Inference optimizationThroughput

Continuous batching

Static batching wastes GPU. Continuous batching schedules requests at the iteration level, slotting new requests into the running batch as soon as a token slot opens up. This is how we keep H100s at 90%+ utilization under spiky load.

Why static batching fails

A static batch waits for every request to finish before starting the next batch. If request A produces 50 tokens and request B produces 500, the GPU is doing 90% padding work after token 50. Average GPU utilization in production with static batching: ~35%.

Continuous batching, in one paragraph

The scheduler runs a token-level loop. Each iteration: (1) sample the next token for every active request, (2) check which requests finished, (3) admit new requests into the freed slots. New requests start mid-iteration, not at the next batch boundary. The batch size grows and shrinks dynamically based on traffic.

The four knobs that matter

max_batch_sizedefault: 64 (H100) / 32 (L40S)

Hard cap on concurrent requests in flight. Increase if you have spare HBM and your traffic is latency-tolerant; decrease if P99 TTFT matters more.

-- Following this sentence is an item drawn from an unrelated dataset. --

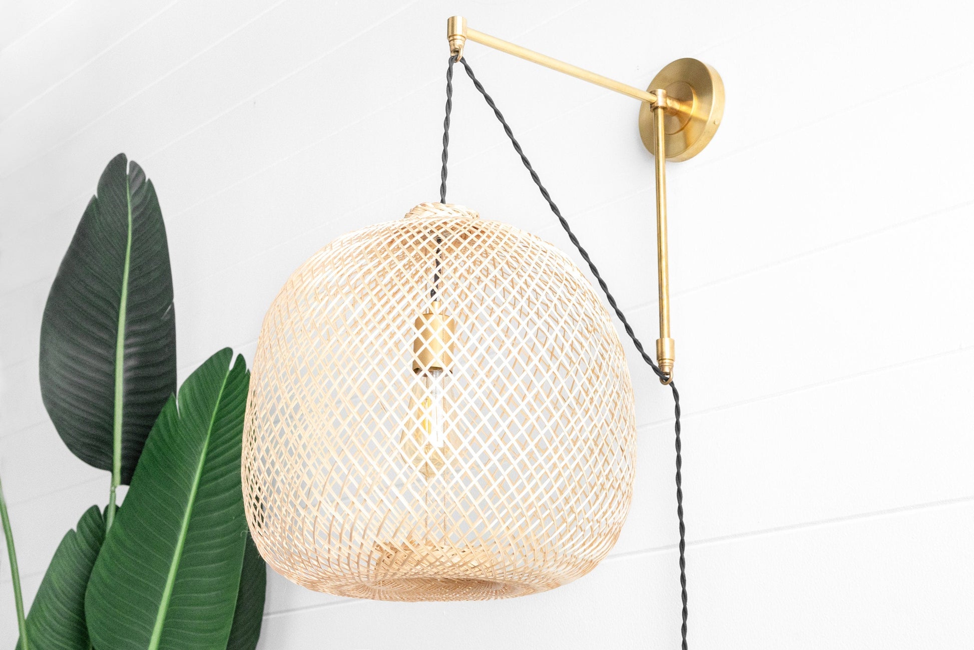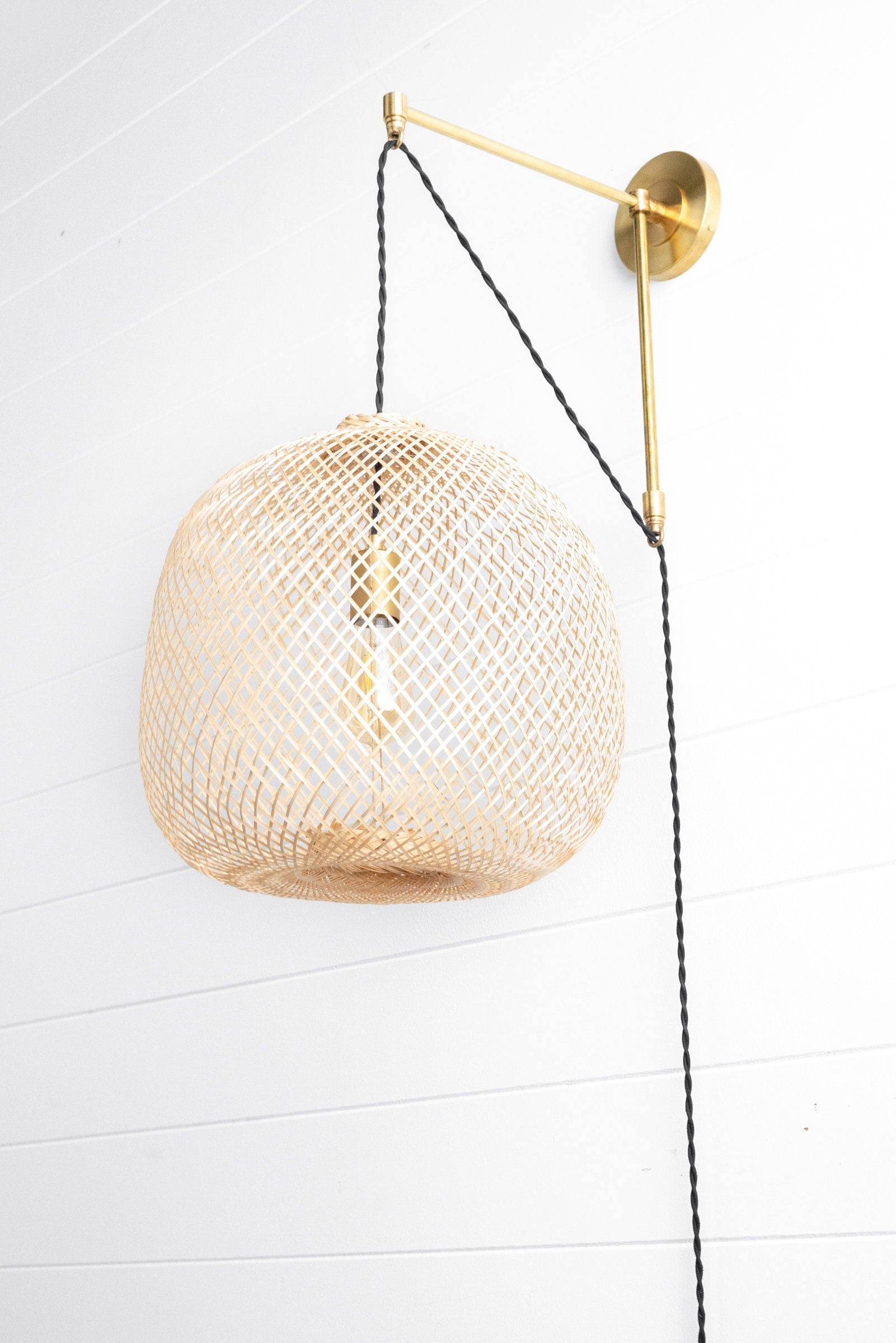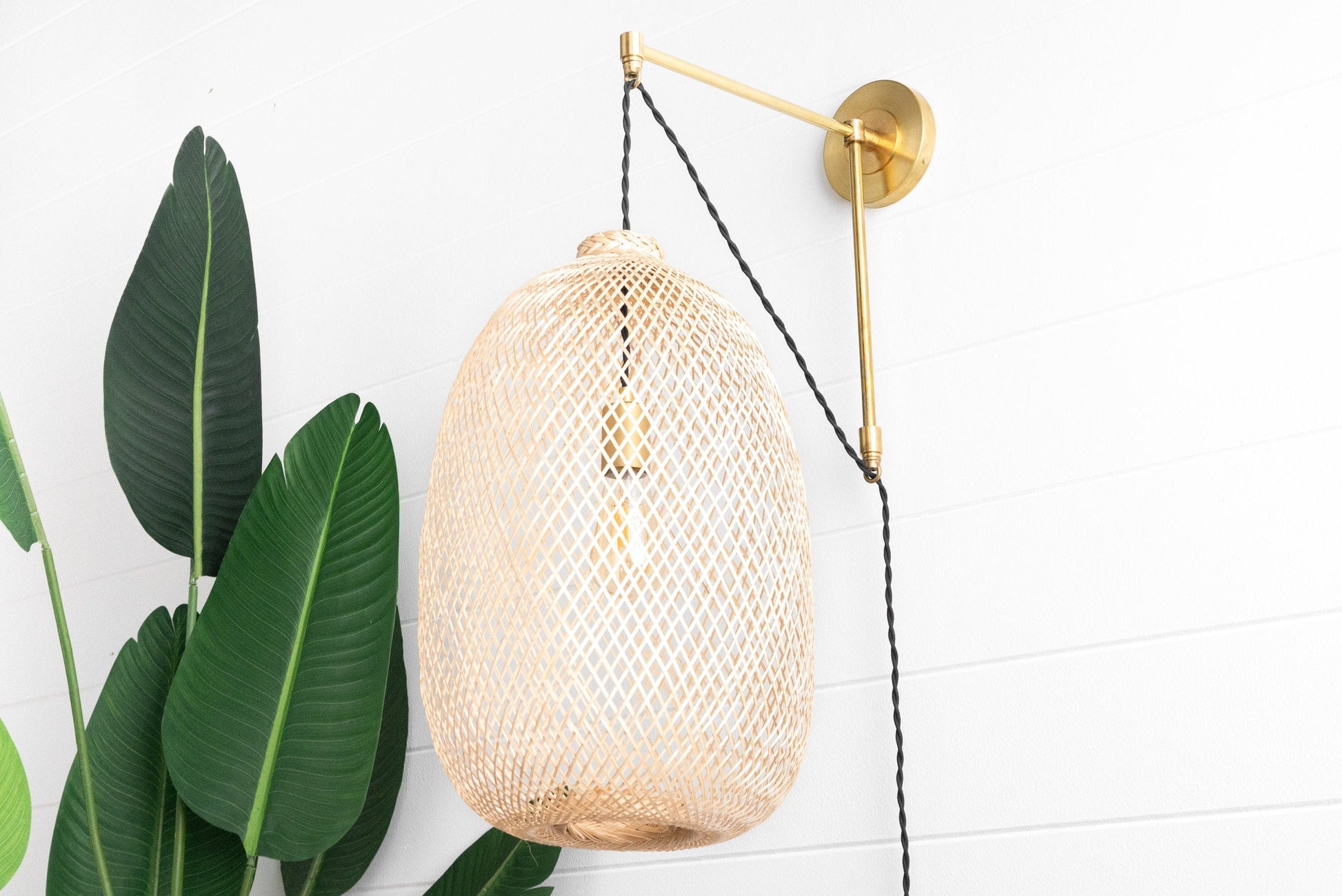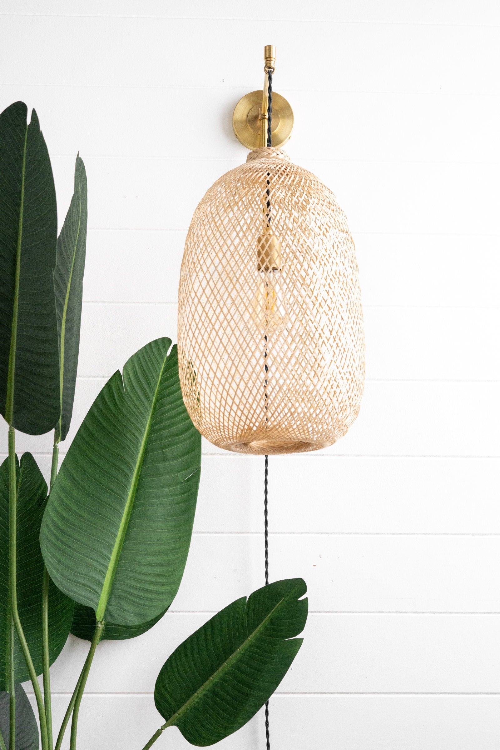 Woven Fish Trap Lamp - Bamboo Light - Plug In Sconce - Light Fixture - Bohemian Lights - Hanging Sconce - Lighting - Model No. 3541
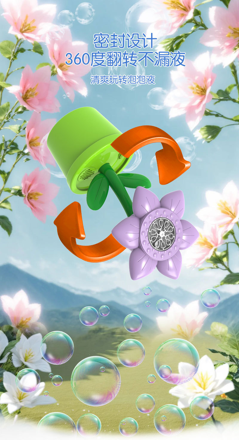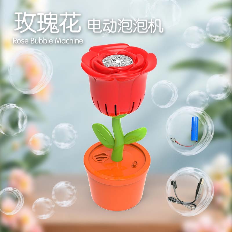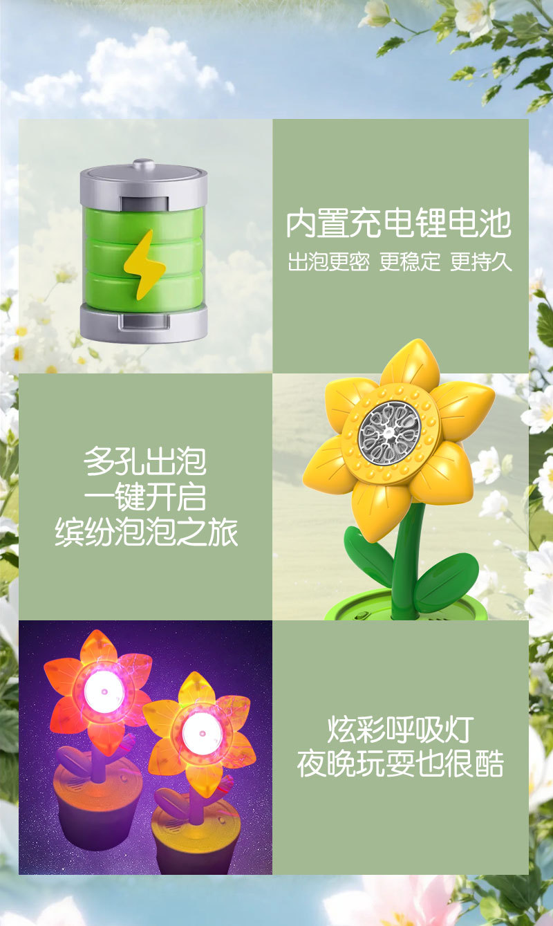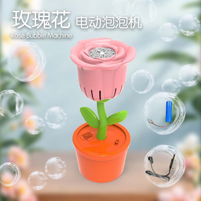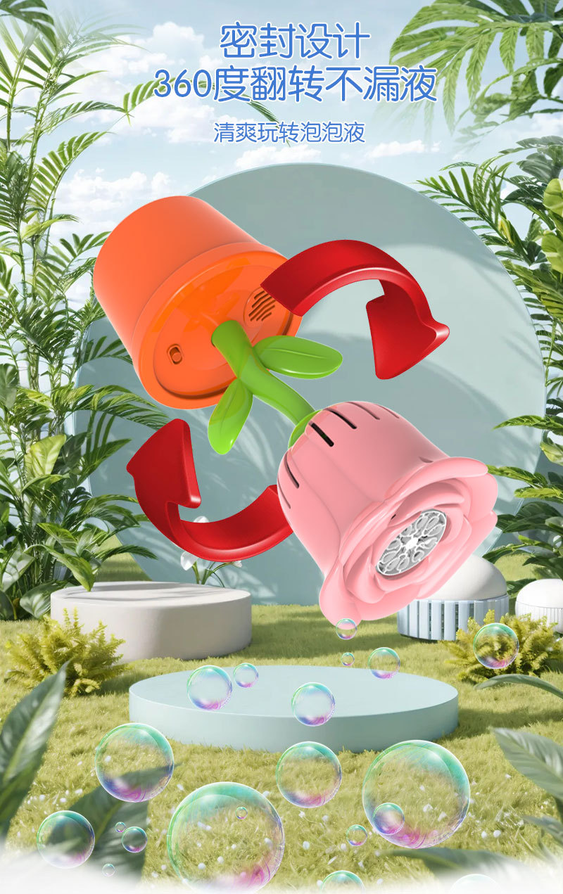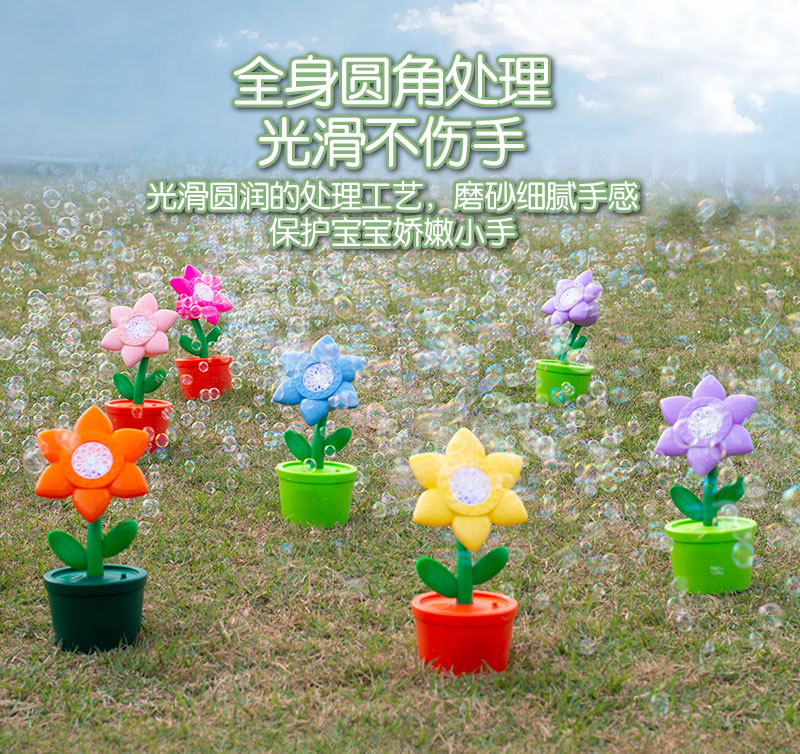 跨境全自动玫瑰花向日葵路灯泡泡机带声光音乐吹泡泡儿童户外玩具

max_num_batched_tokensdefault: 8192

Total tokens (across all sequences) processed per iteration. Bigger = better throughput at the cost of TTFT. We recommend leaving this alone unless you've profiled your workload.

prefill_chunk_sizedefault: 2048

Long prompts are split into chunks so they don't starve decode steps. This is what keeps long-context requests from blocking everyone else.

kv_block_sizedefault: 16 tokens

PagedAttention block size. Smaller blocks = less internal fragmentation but more bookkeeping overhead. 16 is the sweet spot for most workloads.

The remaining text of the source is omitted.